Mechanics of unsaturated soils and applications
2015 E.H. Davis Memorial Lecture
Professor Daichao Sheng
This biennial lecture commemorates the work in geomechanics by Professor Edward Hughesdon Davis. Professor Davis was one of the pioneers of geomechanics in Australia. He perceived that progress and understanding of the theoretical basis of geomechanics would only come if consistent, sound, but simple models of soil behaviour were used. The two topics that were the central focus of his research were the application of the theory of elasticity to foundation deformation and the theory of plasticity to stability. He also made a major contribution to the theory of consolidation of clay soils. Ted Davis was always extremely conscious of the link between theory and practice, the relationship between the idealised and the real material, and the engineering significance of his work.
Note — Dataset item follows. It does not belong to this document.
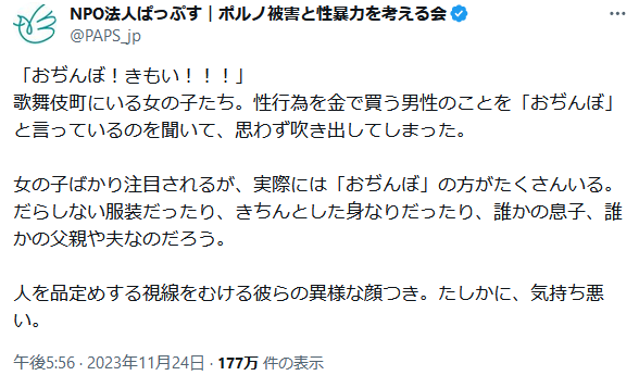 「おぢんぼ!きもい!!!」歌舞伎町にいる女の子たち。性行為を金で買う男性のことを「おぢんぼ」と言っているのを聞いて、思わず吹き出してしまった。…— NPO法人ぱっぷす|ポルノ被害と性暴力を考える会 (@PAPS_jp) November 24, 2023 スケベ漫画のネタかな2 名前:名無しさん@おーぷん[] 投稿日:23/11/29(水) 15:05:31 ID:vvuBウシジマくんにいそう4 名前:名無しさん@おーぷん[] 投稿日:23/11/29(水) 15:06:32 ID:AfCO草5 名前:名無しさん@おーぷん[] 投稿日:23/11/29(水) 15:06:48 ID:8Hz4金で買われる女を見ても笑ってやれよ7 名前:名無しさん@おーぷん[] 投稿日:23/11/29(水) 15:07:09 ID:dpMu金で売ってる女も十分キモいから…続きを読む

Unsaturated soils in a narrow definition refer to soils that are partially saturated with liquid water, or in a broader definition to porous materials that contain more than one fluid in their pores. They naturally occur in arid and semi-arid climates like Australia’s and are also common in constructed grounds like compacted fills. These soils can inflict significant damages to structures they support when subjected to environmental actions like wetting and drying. Principles in classical soil mechanics based on Karl Terzaghi (1883-1963) do not directly apply to unsaturated soils. Understanding their behaviour is therefore crucially important for designing building foundations, dams, highways, earth slopes, tunnels and waste containment facilities. The lecture will outline the fundamental principles that possibly govern the volume change, shear strength, water retention and general hydro-mechanical behaviour of unsaturated soils. It will discuss the most recent advances in these aspects. The lecture will finish with some examples of practical applications of unsaturated soil mechanics, including the deformation and stability analysis of a high-speed railway embankment and an airport pavement on deep fill foundation.
About the speaker
Professor Daichao Sheng received his BSc in Engineering Geology from Lanzhou University in China (1986), and his PhD in Geotechnical Engineering from Luleå University in Sweden (1994). He is currently a Professor of Geomechanics at the University of Newcastle and a Distinguished Professor at Central South University in China (conjoint). His research interest spans unsaturated soils, computational geomechanics, cold region geotechnics, and environmental geotechnics.